The WebRTC backend calls the Convonet /twilio/voice_assistant/transfer_bridge endpoint. Twilio uses the provided SIP URI: sip:2001@FREEPBX_DOMAIN;transport=udp or trunk number, depending on .env configuration.

40

Twilio → FusionPBX: SIP INVITE to Extension 2001

Twilio dials FusionPBX (running on Google Cloud) via SIP INVITE. FusionPBX routes the call to the target agent extension (e.g., 2001).

41

FusionPBX → Agent Dashboard: Ring Extension 2001

FusionPBX rings extension 2001. The agent dashboard (JsSIP client) registers with FusionPBX over WSS (wss://<fusionpbx>:7443) and receives the incoming call notification.

42-44

Agent Dashboard → PostgreSQL: Fetch User Info → Show User Info Popup

Agent dashboard fetches caller record from PostgreSQL via REST API. Dashboard pops the caller record and shows ringing controls with user information (name, context, call history).

45-48

Agent Answers → Conversation Begins

Agent answers the call via JsSIP client.

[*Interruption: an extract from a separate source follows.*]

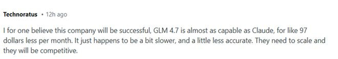 也有现实中使用GLM大模型的网友充分表达了对智谱的认可。一位叫Technoratus的网友说:“就我个人而言,我相信这家公司会成功。GLM-4.7的能力几乎与Claude相当,每月费用却低了97美元。它只是在响应速度上稍慢一些,准确性也略逊一筹。只要他们实现规模化发展,就会具备竞争力。”

FusionPBX notifies Twilio that the call is connected. Twilio bridges the audio between user leg and agent leg. Live conversation begins between the user and agent.

Note: Once Twilio bridges the call to FusionPBX, the audio is now a PSTN/SIP leg (not the original WebRTC stream). Deepgram STT may still be used on the server side for context logging if needed.

49-52

Alternative: Agent Rejects/Timeout

If the agent rejects the call or it times out:

  • FusionPBX notifies Twilio that the call failed
  • Twilio sends transfer failed notification to WebRTC Voice Server
  • WebRTC Voice Server sends transfer error event to WebSocket Server
  • User browser displays transfer failed message
Transfer Callback: Convonet logs the transfer outcome via the /transfer_callback webhook for monitoring and Sentry alerts.

Key Sequence Points

Authentication Path

PIN authentication uses PostgreSQL (not FusionPBX). Sessions are stored in Redis for fast access.

Audio Processing

Deepgram STT is used for WebRTC audio transcription, not Twilio. Redis buffers audio chunks for processing.

AI Orchestration

LangGraph coordinates between OpenAI LLM and MCP tools. Tool execution happens before final response generation.

Transfer Mechanism

Twilio bridges the WebRTC user leg to the SIP agent leg. Audio transitions from WebRTC to PSTN/SIP stream.